The Story of CyProp Mis-selling and CLP's Expertise on the Matter
Thousands, mostly foreigners, bought off-plan properties in Cyprus during the 2000-2010 decade - or so they thought. Instead of an absolute title to their property, the Republic of Cyprus gave them rights to a property, which if and when built, would be in someone else’s land and be subject to charges by lenders and other creditors until the titles could be separated.
The separation of titles could take many years because instead of separating them before sale, the state accepts separation after the development is completed and proves fully compliant with planning. The chances of compliance are slim considering that planners require that they meet building regulations at the time of final inspection and not at the time permission was granted which ends up becoming a catch-up game between planners and developers. In the meantime, purchasers are at risk that the land could be foreclosed by creditors.

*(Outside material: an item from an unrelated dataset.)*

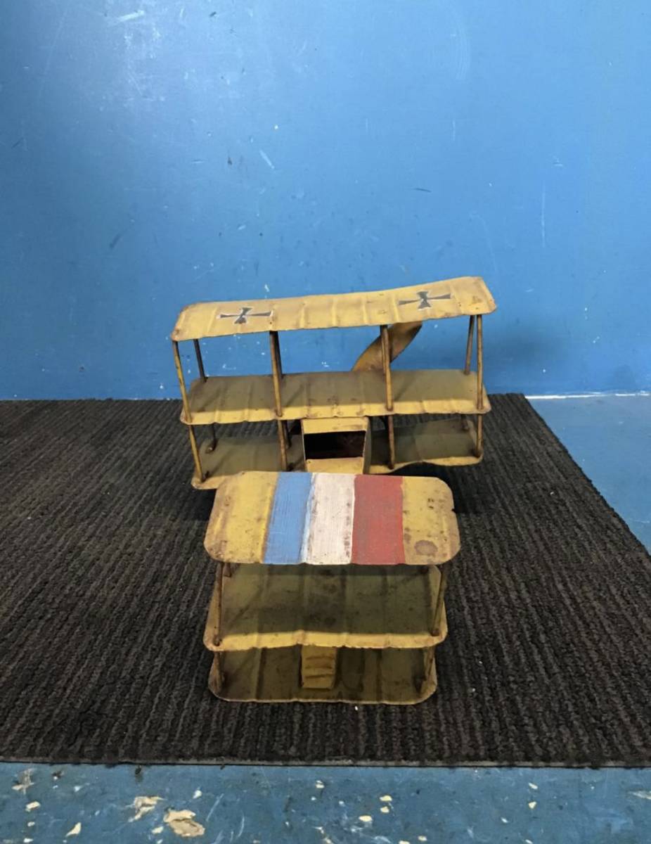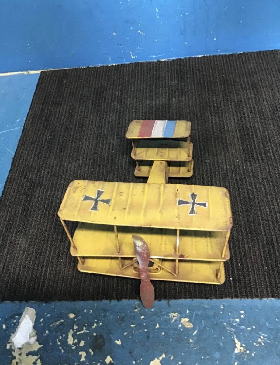 ○★岐阜発 昭和レトロ/ブリキ/玩具/三葉機/飛行機/プロペラ機/タイヤ取り付け部破損/ビンテージ/コレクション/現状品 R4.8/29★

In this way, the state punishes the purchasers for possible planning breaches by the developers while allowing creditors to have the benefit of security over the land on which off-plan units have been sold. All at the expense of foreign purchasers and in favour of local creditors.

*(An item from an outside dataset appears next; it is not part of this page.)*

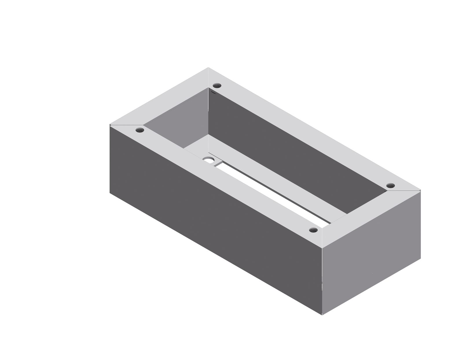 Der lange Einbausockel hat eine Einbauhöhe von 160 mm. Er ist für die Montage der Ladesäulen eMC2 geeignet, bei denen das Fundament im Boden versenkt ist.

The story does not end there. Most lawyers in Cyprus did not consider it necessary to explain the risks to purchasers because this was the norm set by the state.

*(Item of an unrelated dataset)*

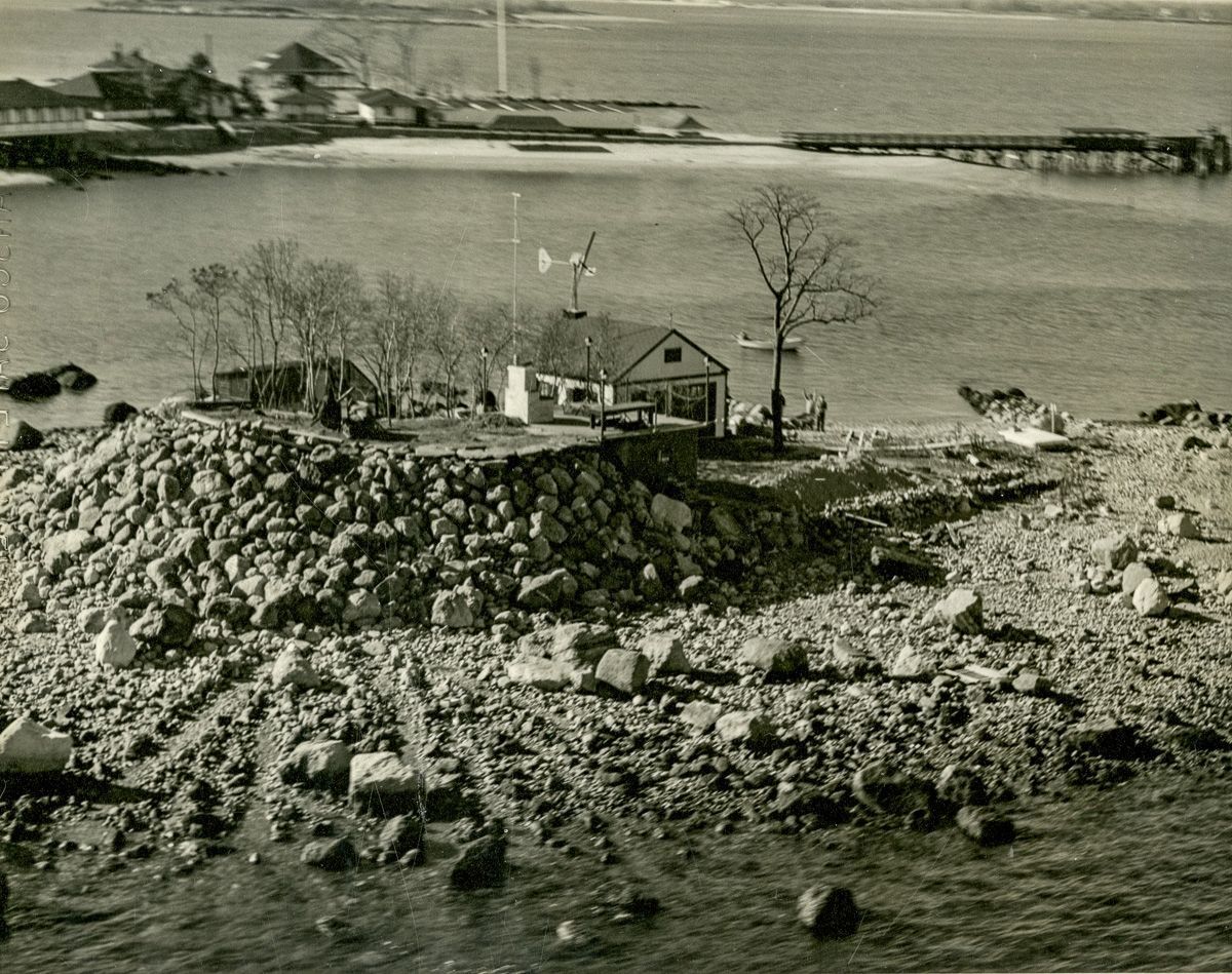 Aerial views of Wee Captain Island before and after a house was constructed on it.Collection

When purchasers realised the problem, they could not sell without making substantial losses because the properties were purchased at well above their market value. The reason was simple: Until recently, the Land Registry and the Tax Authorities in Cyprus used 1980 values as their benchmark which allowed developer/vendors of off-plan properties to set their own prices without the constraints of market set prices. To sell at such prices, ‘suitable’ purchasers had to be found in a parallel market who were oblivious of market prices. These were mostly foreigners or Cypriot ex-pats.
To find them such purchasers, the sales operation necessitated well-networked sales agents, rental guarantees, and easy/low-cost finance in foreign currencies. But each of these ‘benefits’ added its own loading on the cost to the ignorant purchaser.
Sales agents were paid up to 30% commission, rental guarantees were added to the price, easy finance meant that the borrower could often not afford to keep up with the repayments and borrowing in hard currencies meant that weaker currencies lost value against them and made the cost of repayments and the balance of the loan much higher than it would have otherwise been. The state of Cyprus has been encouraging such parallel markets since the property boom of the 1960s and continues to operate until recently as reported with the ‘Golden Visas’ scandal.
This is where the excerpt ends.